### Activity
The task calls for the lines below from the line with "White pearl necklace" to the line with "具體制作步驟:準備好所有食材", both ends included, copied exactly, without any pictures.

### Dataset excerpts
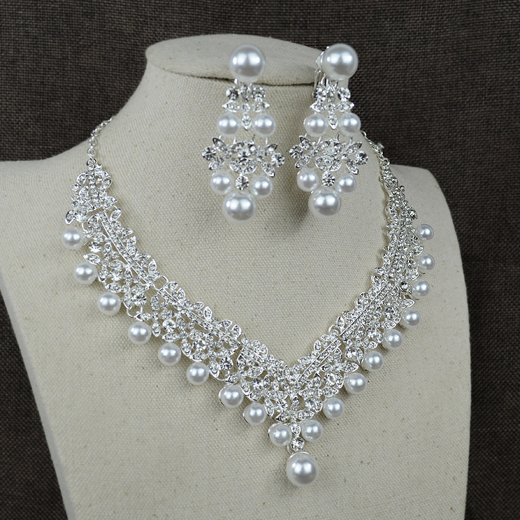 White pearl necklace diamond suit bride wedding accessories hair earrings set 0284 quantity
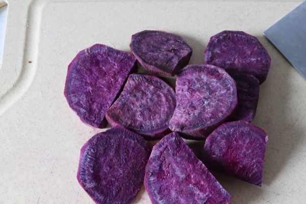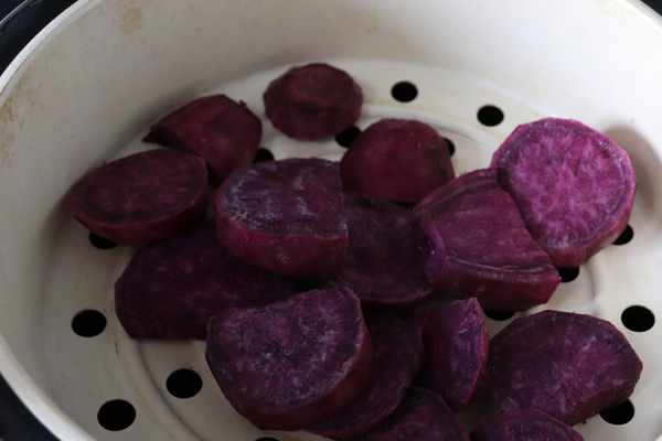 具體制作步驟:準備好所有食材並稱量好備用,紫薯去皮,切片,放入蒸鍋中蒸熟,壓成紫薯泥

--

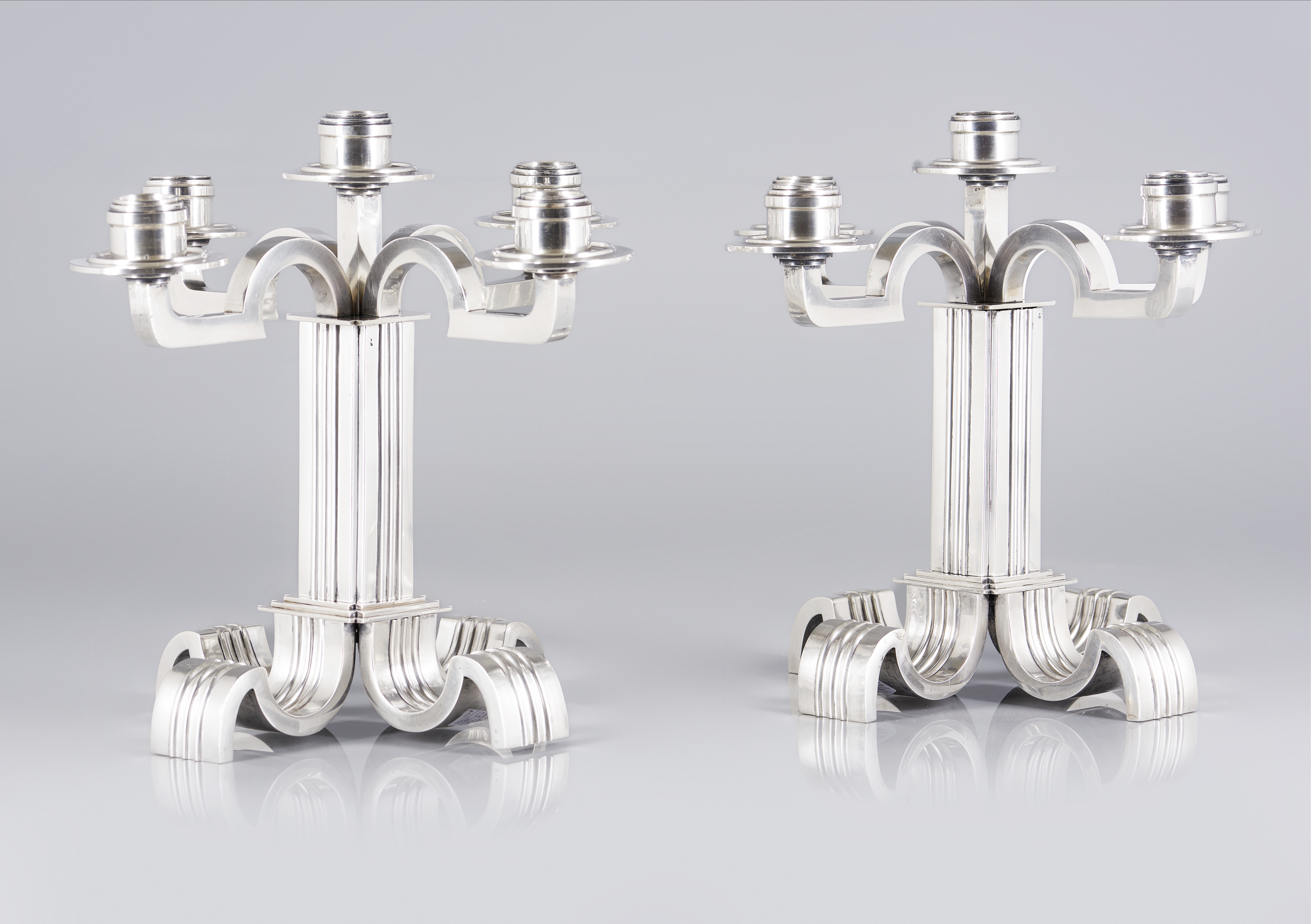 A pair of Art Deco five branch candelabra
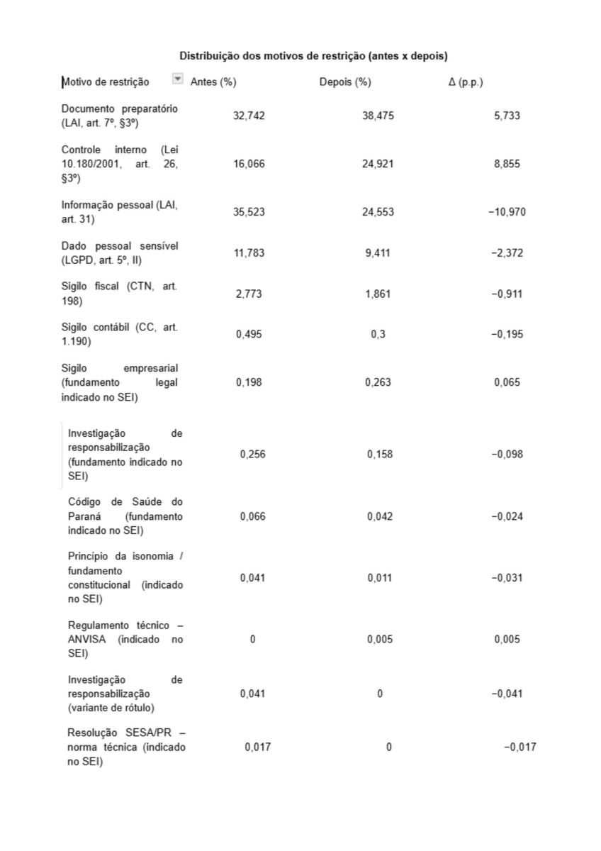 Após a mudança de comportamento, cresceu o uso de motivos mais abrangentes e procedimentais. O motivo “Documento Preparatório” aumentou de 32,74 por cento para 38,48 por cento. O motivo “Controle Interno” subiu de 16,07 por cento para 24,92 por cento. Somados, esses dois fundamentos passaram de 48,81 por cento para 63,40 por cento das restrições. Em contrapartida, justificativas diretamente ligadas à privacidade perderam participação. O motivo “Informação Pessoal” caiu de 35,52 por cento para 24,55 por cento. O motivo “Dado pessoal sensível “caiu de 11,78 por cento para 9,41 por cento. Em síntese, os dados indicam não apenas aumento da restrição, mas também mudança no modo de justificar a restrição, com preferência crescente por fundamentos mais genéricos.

---

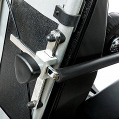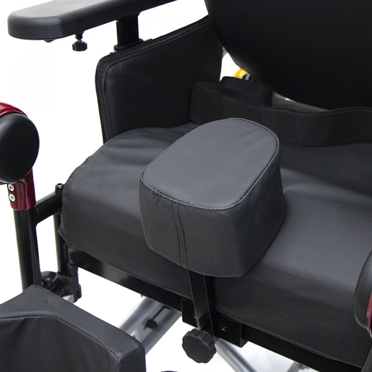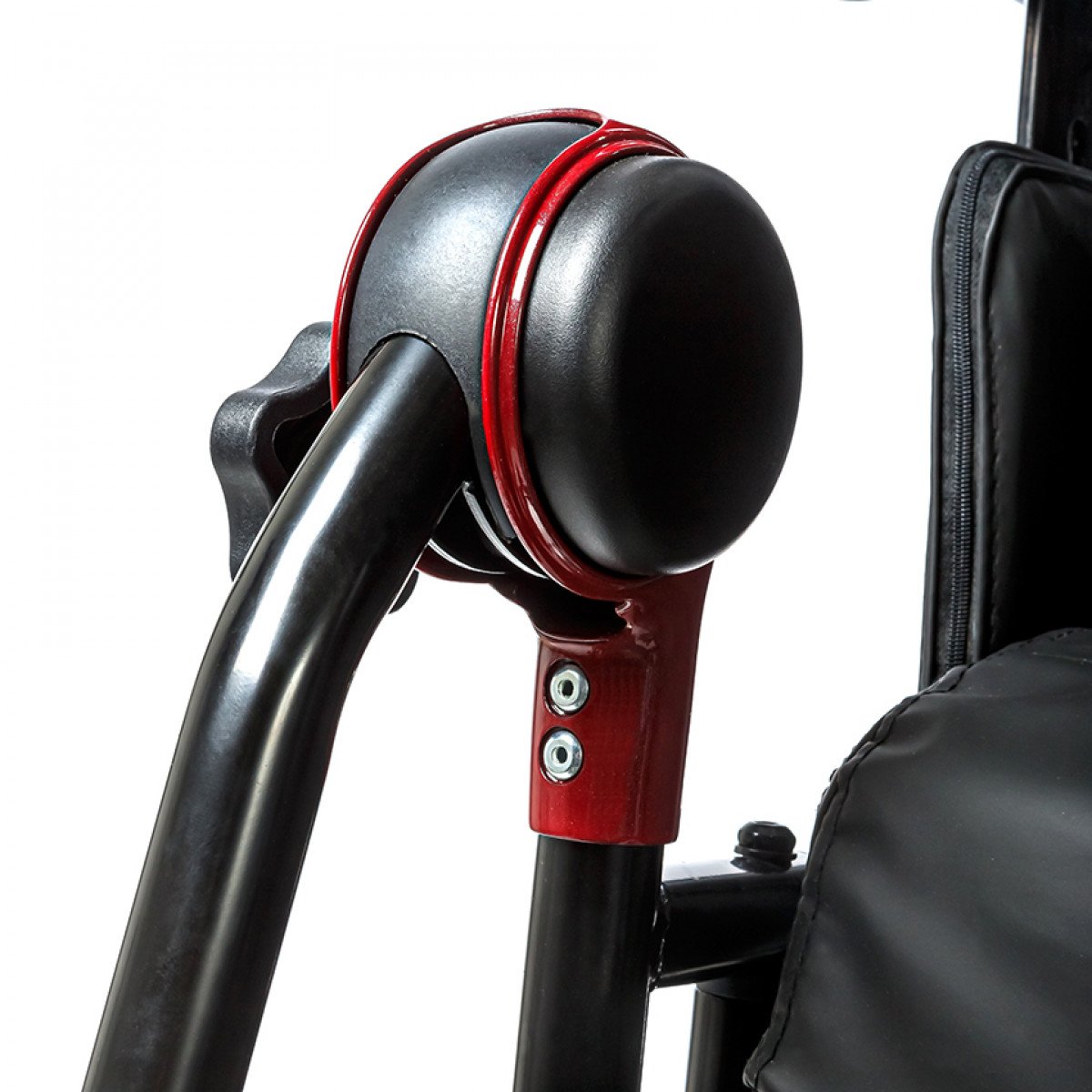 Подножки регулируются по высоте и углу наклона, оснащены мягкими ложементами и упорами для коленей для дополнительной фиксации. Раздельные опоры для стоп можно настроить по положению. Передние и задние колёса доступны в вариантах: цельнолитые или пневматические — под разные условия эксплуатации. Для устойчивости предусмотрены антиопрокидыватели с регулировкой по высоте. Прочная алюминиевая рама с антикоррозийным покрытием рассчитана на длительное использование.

### Answer for this exercise
 White pearl necklace diamond suit bride wedding accessories hair earrings set 0284 quantity
 具體制作步驟:準備好所有食材並稱量好備用,紫薯去皮,切片,放入蒸鍋中蒸熟,壓成紫薯泥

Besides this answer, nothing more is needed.